Earlier the Syrian Observatory for Human Rights reported that at least 12 Syrian school children had been killed when suspected Russian warplanes hit a classroom in the rebel-held town of Injara in Aleppo province.
Hijab, speaking after talks with French President Francois Hollande in Paris, put the death toll at 35 children and said the Russian strikes had hit three schools in total.
There was no immediate comment from Moscow, which denies any targeting of civilians in the conflict.
“We want to negotiate, but to do that the conditions have to be there,” Hijab told reporters. “We cannot negotiate with the regime when there are foreign forces bombing the Syrian people.”
Hijab is a former prime minister under Assad who defected to the opposition in 2012. He was chosen in December as coordinator of the opposition negotiating body to lead future Syria talks.
Peace talks are scheduled to be held between the government and opposition on Jan. 25 under the auspices of the United Nations. However, opposition officials have already cast doubt on whether the talks will go ahead on schedule, citing a need to see goodwill measures from the government side.
“We do not want to go to negotiations that are condemned to failure before they start. We need to create the right climate,” Hijab said. “How could we negotiate when the Syrian people are dying? Each day there are massacres.”
He said the talks had to lead to a transitional government with the president and prime minister’s full executive powers.

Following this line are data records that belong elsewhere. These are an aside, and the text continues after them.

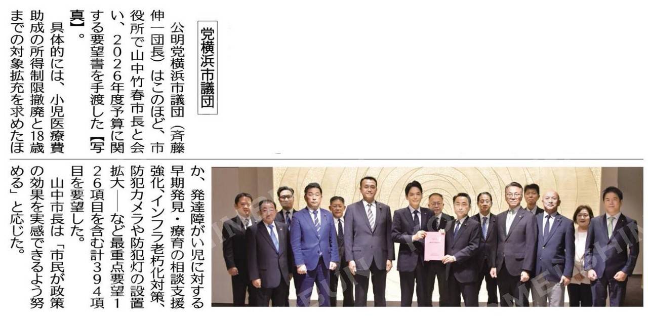 公明市議団要望に市長「しっかり対応」と大きく掲載。来年度実施へ動き出します。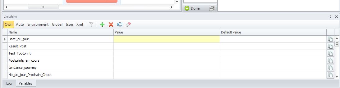 with zennoposter , i have windows to show variable in time real (top for debug) , on this picture all variable are empty :)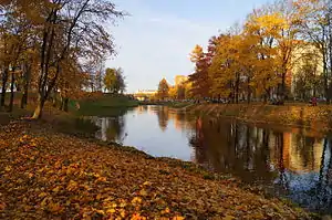 - 🌍 Railway bridge across the river (Железнодорожный мост) (go along Voskova street to the south from Catherine's Cathedral). The existing bridge is modern and uninteresting, but next to it, the pillars of the old bridge made of granite blocks, built in 1866 and blown up in 1944, have been preserved. With great care, you can find the remains of pillboxes near the bridge, and climbing up the old embankment, you can enjoy a wonderful view of the river, which in this place is very shallow and replete with rifts. Also not far from the bridge is a rather nice modern church of all saints of Petersburg, and next to it, on the shore - the source of St. Catherine.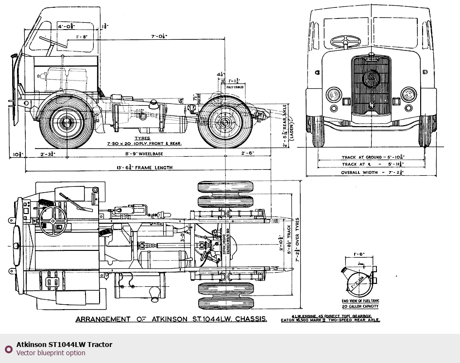 Raster blueprint of the Atkinson ST1044LW Tractor Heavy Truck. This free downloadable image can be used for graphic projects, digital design, and 3D modeling. The file provides accurate exterior proportions of the vehicle. Body type: Heavy Truck.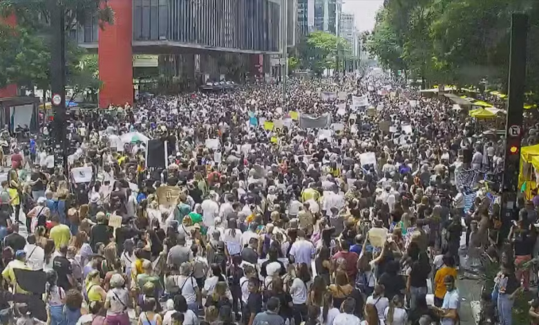 Ato na Avenida Paulista, em SP, neste domingo (1°), pede Justiça contra os agressores do cão Orelha, em Florianópolis, Santa Catarina — Foto: Reprodução/TV Globo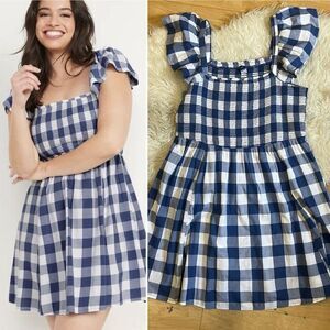 Old Navy Fit & Flare Flutter-Sleeve Gingham Mini Dress for Women L. NWOT. Perfect for fall plaid outfits.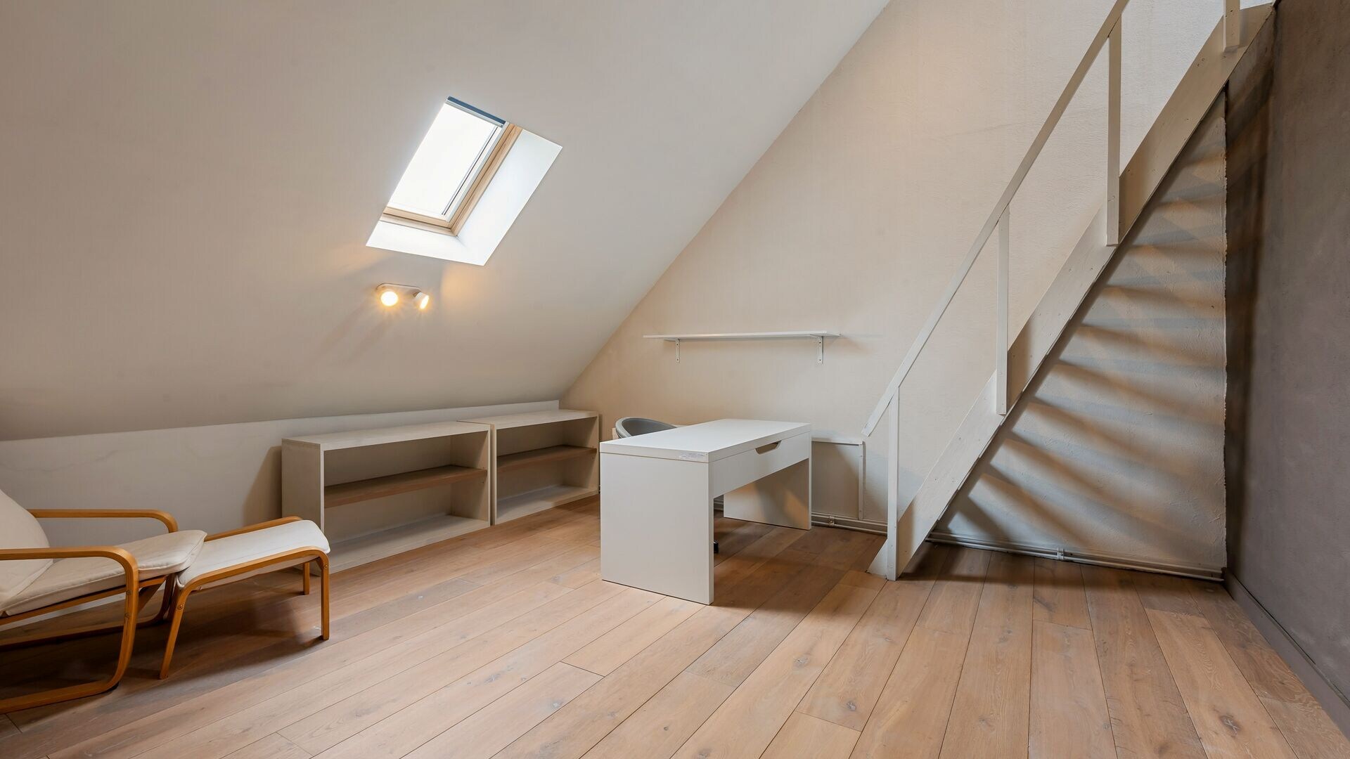 Daarnaast is er een polyvalente hobby- of kantoorruimte met apart sanitair en sauna, rechtstreeks toegankelijk via de inkomhal – ideaal voor ontspanning of professioneel gebruik. Aansluitend vind je de technische ruimte met o.a. de omvormer van de zonnepanelen en de centrale verwarming.

Hijab said Russia was flaunting UN Security Council resolutions by bombing civilians and urged the world body to ensure Russia respected its humanitarian obligations.
He also dismissed Syrian government demands that it see a list of opposition members attending the possible talks, saying the opposition would not have choices imposed on them.
Earlier on Monday French Foreign Minister Laurent Fabius called on Moscow and Damascus to stop “inadmissible” attacks against civilians.
Hollande and Fabius reiterated the Western view that Assad, who has strong backing from Moscow and Tehran, must relinquish power under any peace settlement.
“Bashar al-Assad has no role in the Syria of tomorrow,” Hollande said after his talks with Hijab.
Fabius said images from Madaya showing people suffering from starvation in the besieged rebel-held town underscored why the Syrian leader should step down. On Monday an aid convoy entered the town where thousands have been trapped.